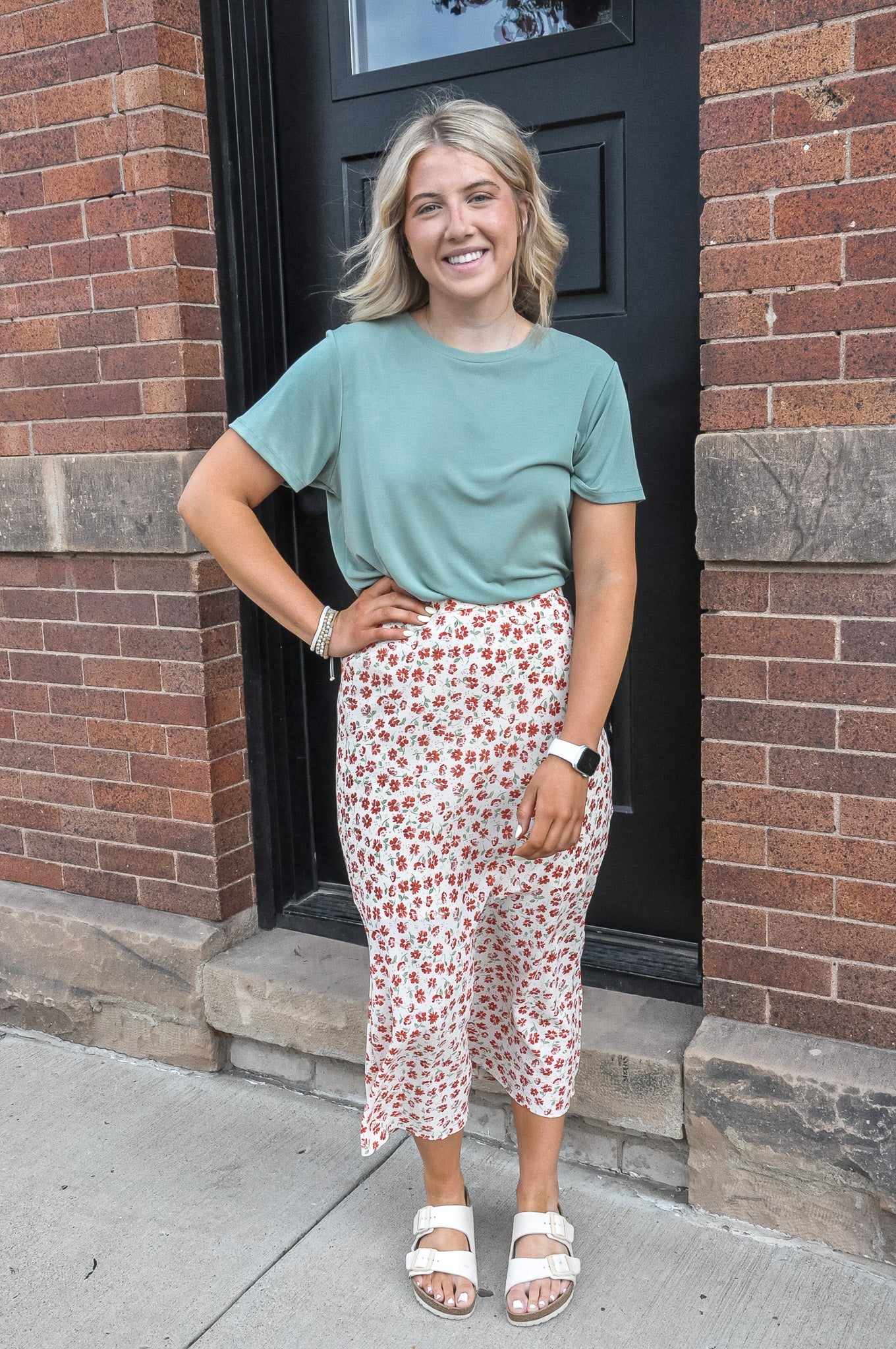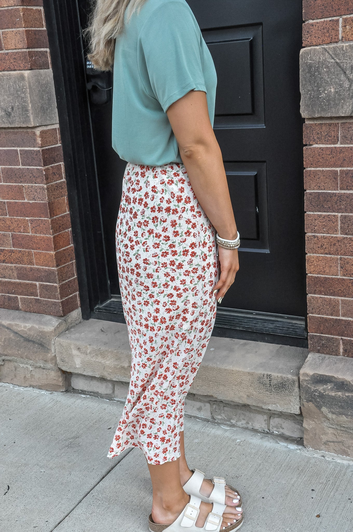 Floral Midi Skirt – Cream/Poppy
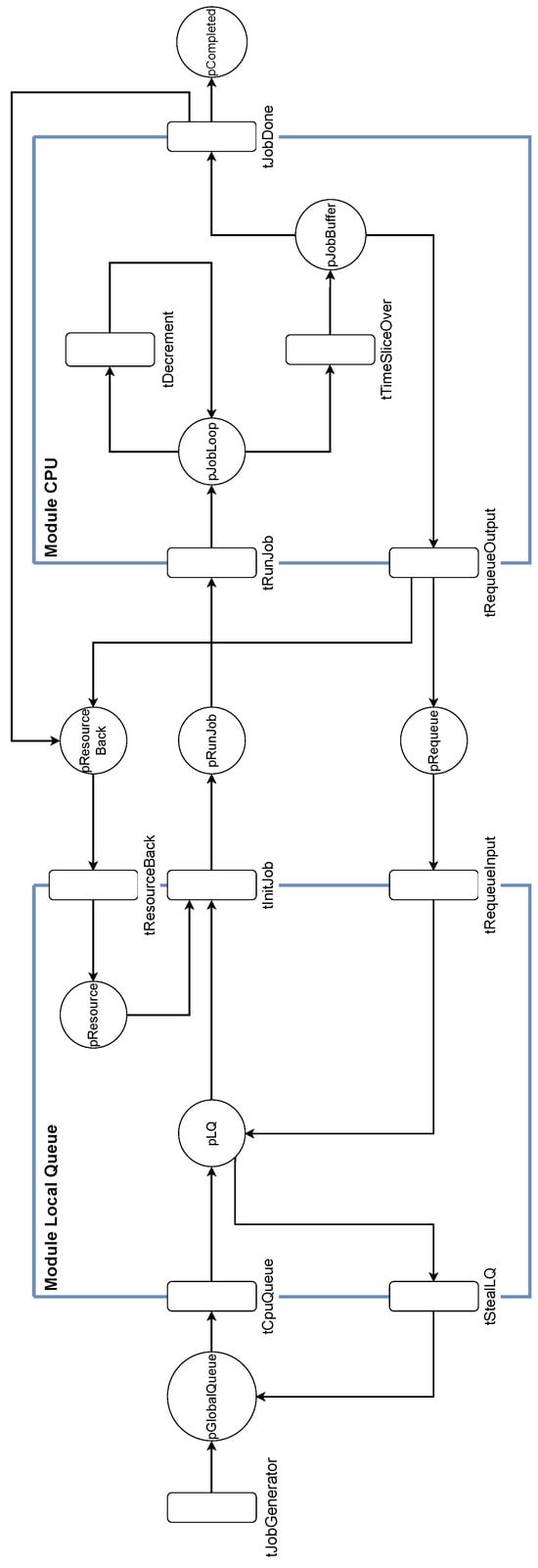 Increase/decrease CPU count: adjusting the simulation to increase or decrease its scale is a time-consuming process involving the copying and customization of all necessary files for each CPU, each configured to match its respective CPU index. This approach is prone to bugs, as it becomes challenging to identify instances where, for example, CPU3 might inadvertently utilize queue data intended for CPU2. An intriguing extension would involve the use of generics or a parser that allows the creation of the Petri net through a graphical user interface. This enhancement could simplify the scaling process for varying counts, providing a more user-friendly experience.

***

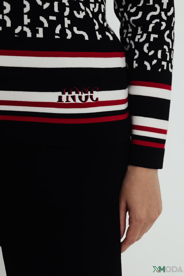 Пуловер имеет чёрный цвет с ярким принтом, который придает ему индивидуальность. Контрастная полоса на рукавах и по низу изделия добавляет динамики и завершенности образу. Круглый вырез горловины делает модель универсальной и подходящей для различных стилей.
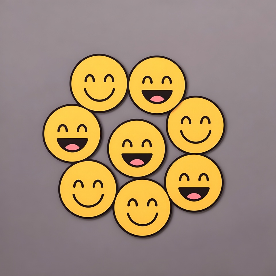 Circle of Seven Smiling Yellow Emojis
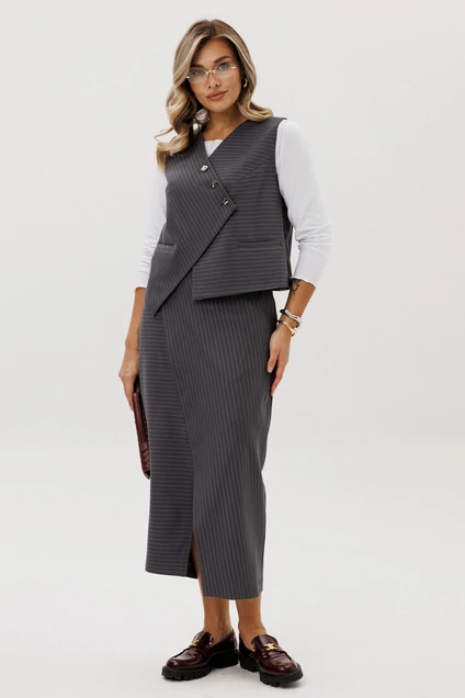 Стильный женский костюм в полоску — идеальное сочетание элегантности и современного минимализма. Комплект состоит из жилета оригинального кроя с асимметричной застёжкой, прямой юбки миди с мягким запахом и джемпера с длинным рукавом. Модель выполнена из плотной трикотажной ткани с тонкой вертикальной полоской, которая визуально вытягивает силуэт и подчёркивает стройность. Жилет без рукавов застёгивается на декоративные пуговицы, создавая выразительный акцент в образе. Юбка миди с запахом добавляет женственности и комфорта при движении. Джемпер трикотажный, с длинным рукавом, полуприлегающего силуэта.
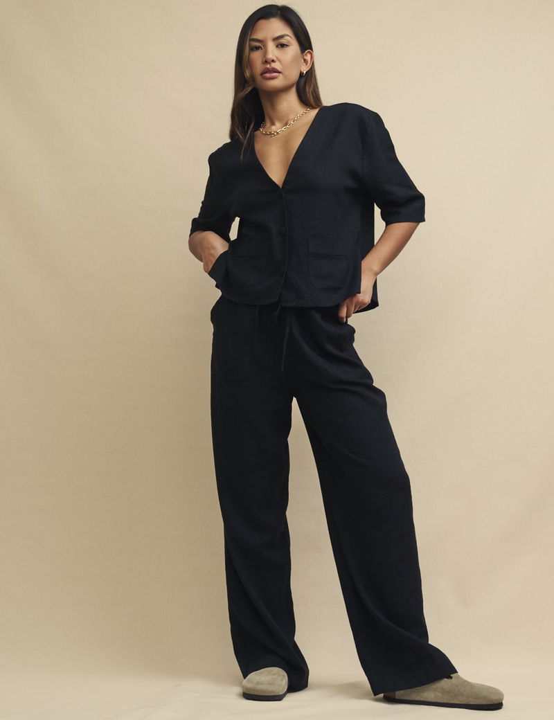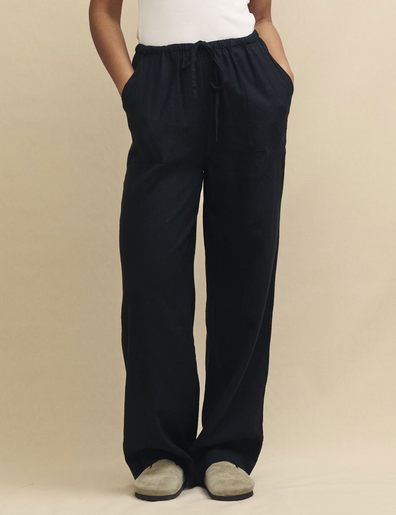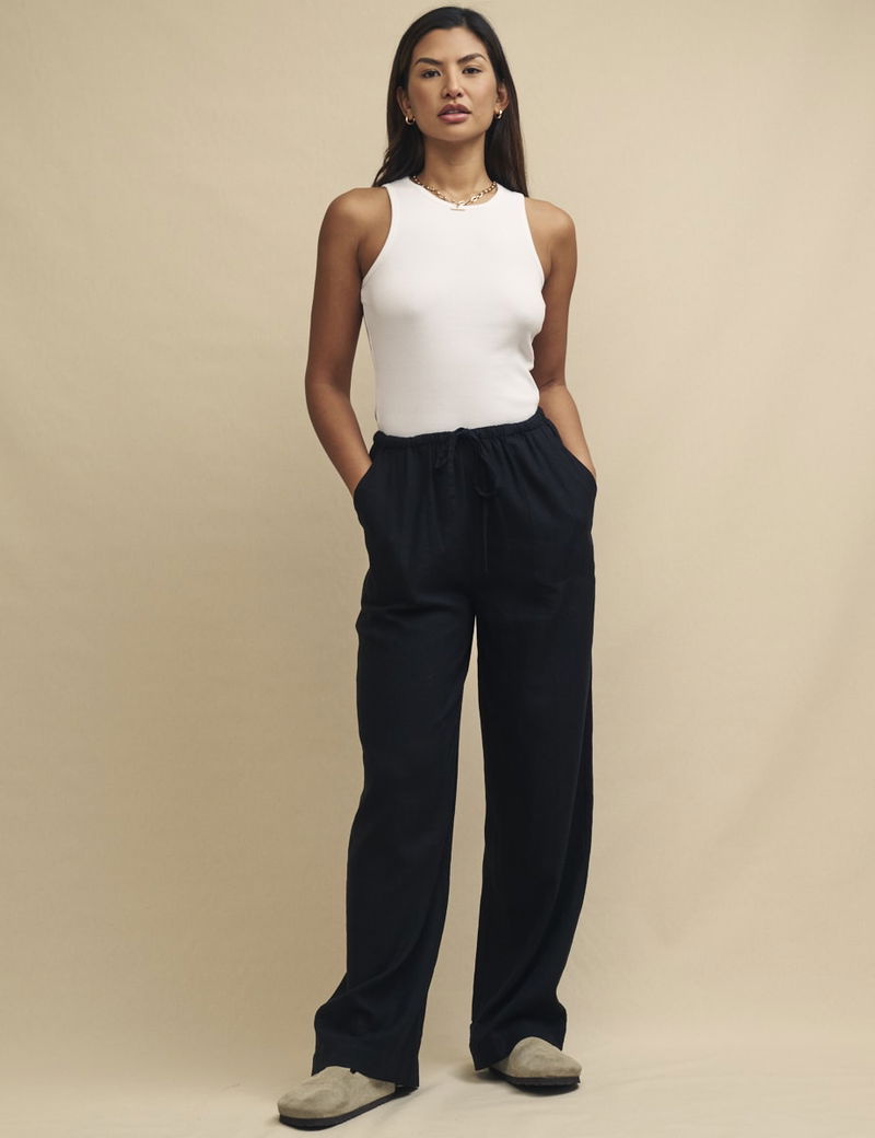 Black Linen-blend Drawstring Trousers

***

WORK REQUEST: Within the listing above, find the line containing "Стильный женский костюм" and the line containing "Black Linen-blend Drawstring Trousers". Transcribe them and everything between them exactly, leaving out the pictures.

RESPONSE TO THE EXERCISE:
 Стильный женский костюм в полоску — идеальное сочетание элегантности и современного минимализма. Комплект состоит из жилета оригинального кроя с асимметричной застёжкой, прямой юбки миди с мягким запахом и джемпера с длинным рукавом. Модель выполнена из плотной трикотажной ткани с тонкой вертикальной полоской, которая визуально вытягивает силуэт и подчёркивает стройность. Жилет без рукавов застёгивается на декоративные пуговицы, создавая выразительный акцент в образе. Юбка миди с запахом добавляет женственности и комфорта при движении. Джемпер трикотажный, с длинным рукавом, полуприлегающего силуэта.
 Black Linen-blend Drawstring Trousers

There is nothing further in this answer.